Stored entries
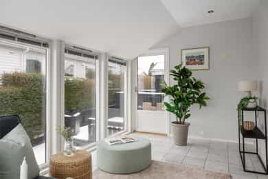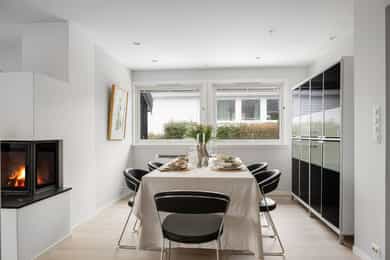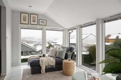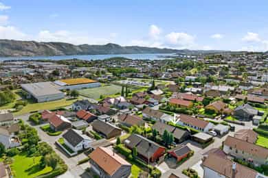 Småvollen 8 ligger i et attraktivt og veletablert boligområde med rolig og familievennlig atmosfære. Eiendommen har gode solforhold, lite gjennomgangstrafikk og nærhet til skole, barnehage, dagligvare og flotte turområder. - Lys og romslig stue med flott utsikt mot fjord og fjell - Moderne peis som skaper lun atmosfære - Hovedsoverom med utgang til terrasse - Tidløst kjøkken med integrerte hvitevarer - Helfliset bad med dobbel servant, badekar og separat dusj - 52 kvm solrik terrasse, perfekt for sosiale sammenkomster - Skjermet og privat uteområde med lite innsyn - Stort gårdsrom med dobbelgarasje og elbillader - Pent opparbeidet tomt
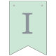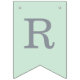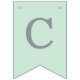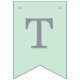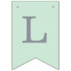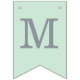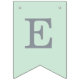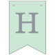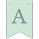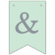 A simple, minimalist bunting flags banner for a mint wedding, with the names of the bride and groom, with grey caps on mint background.
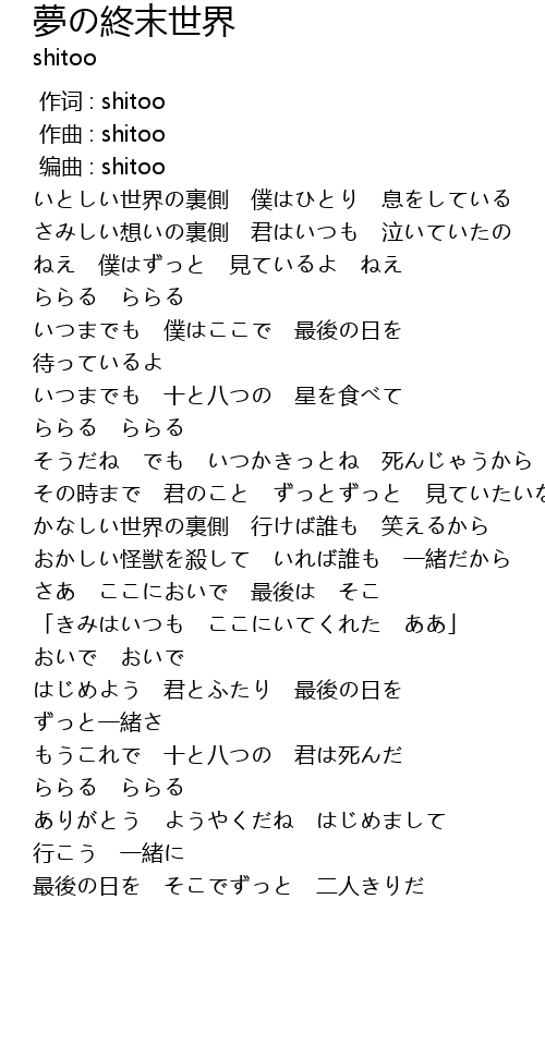 | [02:37.465] | 最後の日を そこでずっと 二人きりだ |
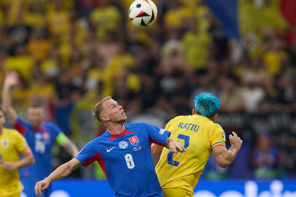 6月26日,斯洛伐克隊球員奧德·杜達(dá)(左)與羅馬尼亞隊球員安德烈·拉蒂烏在比賽中拼搶。新華社記者 孟鼎博 攝
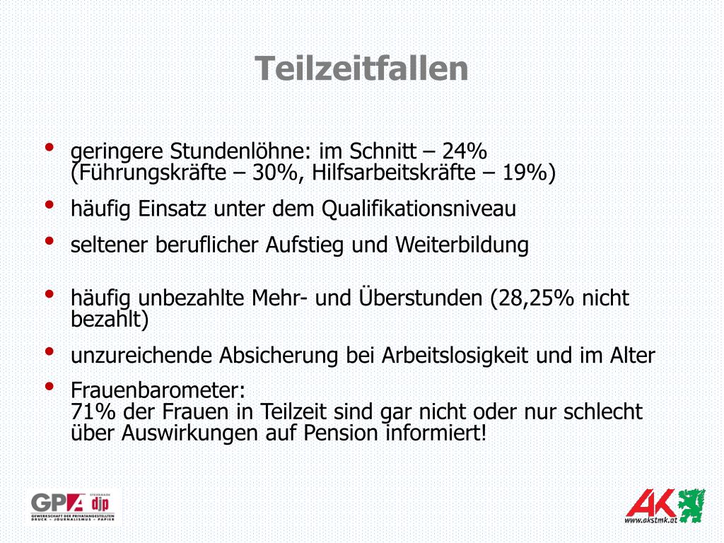 Teilzeitfallen • geringere Stundenlöhne: im Schnitt – 24%(Führungskräfte – 30%, Hilfsarbeitskräfte – 19%) • häufig Einsatz unter dem Qualifikationsniveau • seltener beruflicher Aufstieg und Weiterbildung • häufig unbezahlte Mehr- und Überstunden (28,25% nicht bezahlt) • unzureichende Absicherung bei Arbeitslosigkeit und im Alter • Frauenbarometer: 71% der Frauen in Teilzeit sind gar nicht oder nur schlecht über Auswirkungen auf Pension informiert!
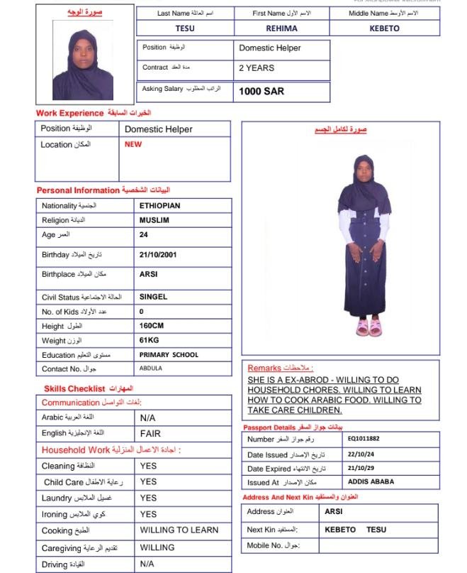 الجنسية: أثيوبيا

## Problem
Copy out all the records exactly, excluding pictures.

## Answer for this exercise
 Småvollen 8 ligger i et attraktivt og veletablert boligområde med rolig og familievennlig atmosfære. Eiendommen har gode solforhold, lite gjennomgangstrafikk og nærhet til skole, barnehage, dagligvare og flotte turområder. - Lys og romslig stue med flott utsikt mot fjord og fjell - Moderne peis som skaper lun atmosfære - Hovedsoverom med utgang til terrasse - Tidløst kjøkken med integrerte hvitevarer - Helfliset bad med dobbel servant, badekar og separat dusj - 52 kvm solrik terrasse, perfekt for sosiale sammenkomster - Skjermet og privat uteområde med lite innsyn - Stort gårdsrom med dobbelgarasje og elbillader - Pent opparbeidet tomt
 A simple, minimalist bunting flags banner for a mint wedding, with the names of the bride and groom, with grey caps on mint background.
 | [02:37.465] | 最後の日を そこでずっと 二人きりだ |
 6月26日,斯洛伐克隊球員奧德·杜達(dá)(左)與羅馬尼亞隊球員安德烈·拉蒂烏在比賽中拼搶。新華社記者 孟鼎博 攝
 Teilzeitfallen • geringere Stundenlöhne: im Schnitt – 24%(Führungskräfte – 30%, Hilfsarbeitskräfte – 19%) • häufig Einsatz unter dem Qualifikationsniveau • seltener beruflicher Aufstieg und Weiterbildung • häufig unbezahlte Mehr- und Überstunden (28,25% nicht bezahlt) • unzureichende Absicherung bei Arbeitslosigkeit und im Alter • Frauenbarometer: 71% der Frauen in Teilzeit sind gar nicht oder nur schlecht über Auswirkungen auf Pension informiert!
 الجنسية: أثيوبيا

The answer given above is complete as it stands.